The Scotch Whisky Association (SWA) has lost a trademark dispute against Japanese retailer Isetan Mitsukoshi over use of the word ‘tartan’, having claimed that it could function as a GI for whisky.

Isetan had been attempting to register the trademark ‘Isetan Tartan’ at the Intellectual Property Office of Singapore (IPOS), however the SWA had put in an objection. This is the first time that IPOS has heard such as case, after the Geographical Indications (GI) Act came into force in 1999.

The SWA argued that trademarks cannot be registered if they contain a GI. It said that tartan is an iconic symbol of Scotland and can function as a geographical indication for whisky. It cited the Intellectual Property Law of Singapore (2013) which states: “GIs often consist of the actual geographical name of the place of origin of the products but other indicating terms may also suffice as GIs as long as they identify the goods as originating in the territory, region or locality in the territory. Thus, it may be argued that iconic symbols such as the Eiffel Tower, the Great Wall of China or the Taj Mahal may serve as GIs of products from France, China or India.”
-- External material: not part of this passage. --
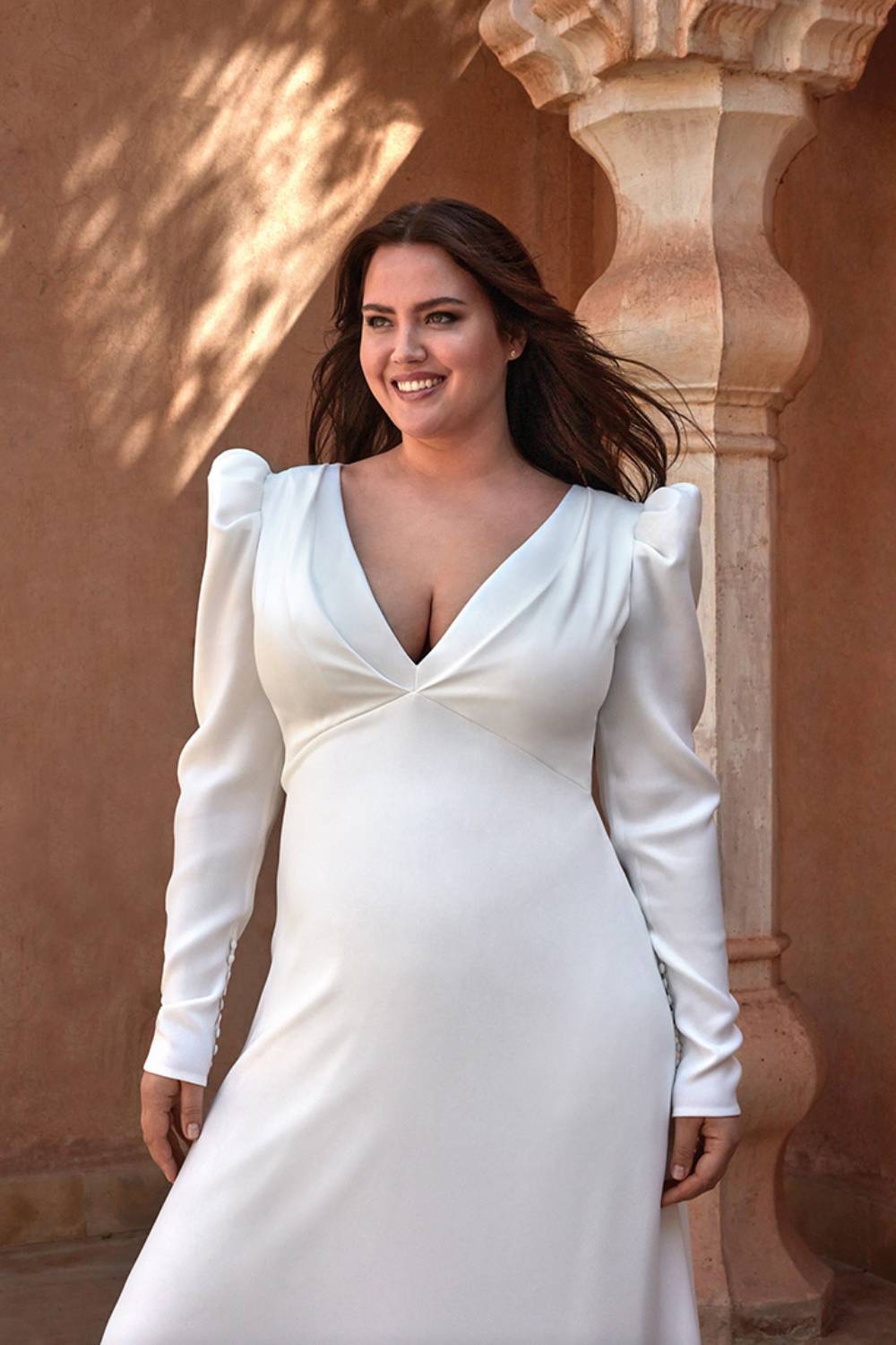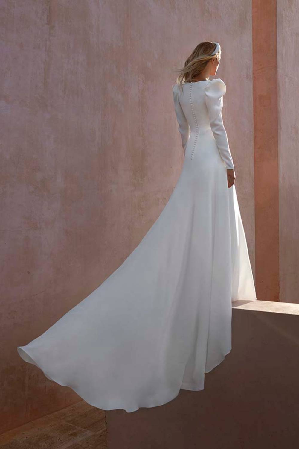 The Amis Wedding Gown is a stunning long sleeve, crepe a-line gown by Pronovias. This minimalistic design relies on creating a stunning shape for its wearer, with it’s leg of mutton sleeve, plunging v-neck and covered buttons that run down the length of the zip. The elegant simplicity of this gown is sure to remain a timeless piece to be looked back at and adored.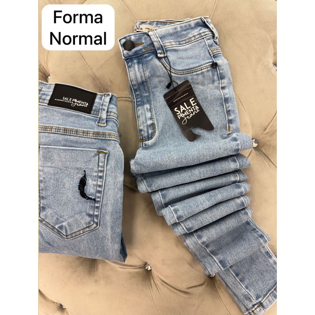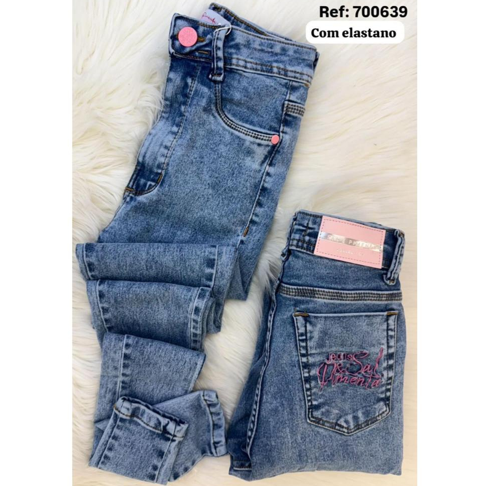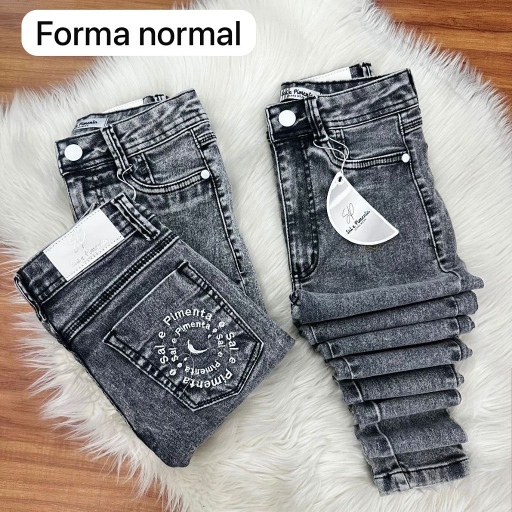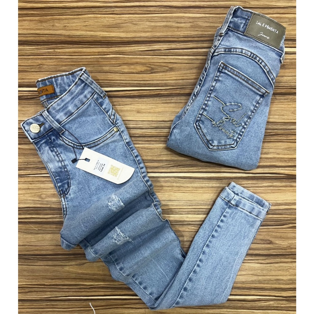 Calça Feminina Skinny Jeans Básica Bordada Sal e Pimenta - Pimenta Doce Original Cintura alta Elastano

It also stressed Scotland’s long association with tartan and submitted evidence to show that Scotch producers often incorporated different tartan patterns onto their labels.

However, IPOS’ principal assistant registrar, Tan Mei Lin, rejected this argument, taking issue with whether tartan was a GI in the first place.

According to documents from the hearing, it states: The Opponent’s [SWA] submission is, however, misconceived. The relevant issue is not whether tartan is or is not iconic of Scotland, whether consumers associate tartans with Scotland or even whether it can or cannot function as a geographical indication but whether the tartan (or more precisely, the word “Tartan”), is a geographical indication.”

“GIs are used to identify goods with a given quality, reputation or other characteristic attributable to their origin. However, there was no evidence that “Tartan” is used to identify whiskies, or show what characteristics “Tartan” whiskies possess, and the association’s opposition failed.”

The report also noted that the GI Act only protects GIs that are protected in their country of origin. It stated that there was no evidence presented that demonstrates that “Tartan” is protected as such in the UK.

It added: “In this regard, the Opponent [SWA] furnished evidence of the registration of “Scotch Whisky” as a geographical indication with the Department for Environment, Food and Rural Affairs, which administers the Protected Food Name scheme, including spirit drinks in the UK. However, the Opponent did not produce any evidence to show that “Tartan” is also accorded protection as a geographical indication in the UK.”

Lindesay Low, legal deputy director at SWA, said: “We are obviously disappointed with this decision. We now need to consider its contents carefully and decide upon our next steps.”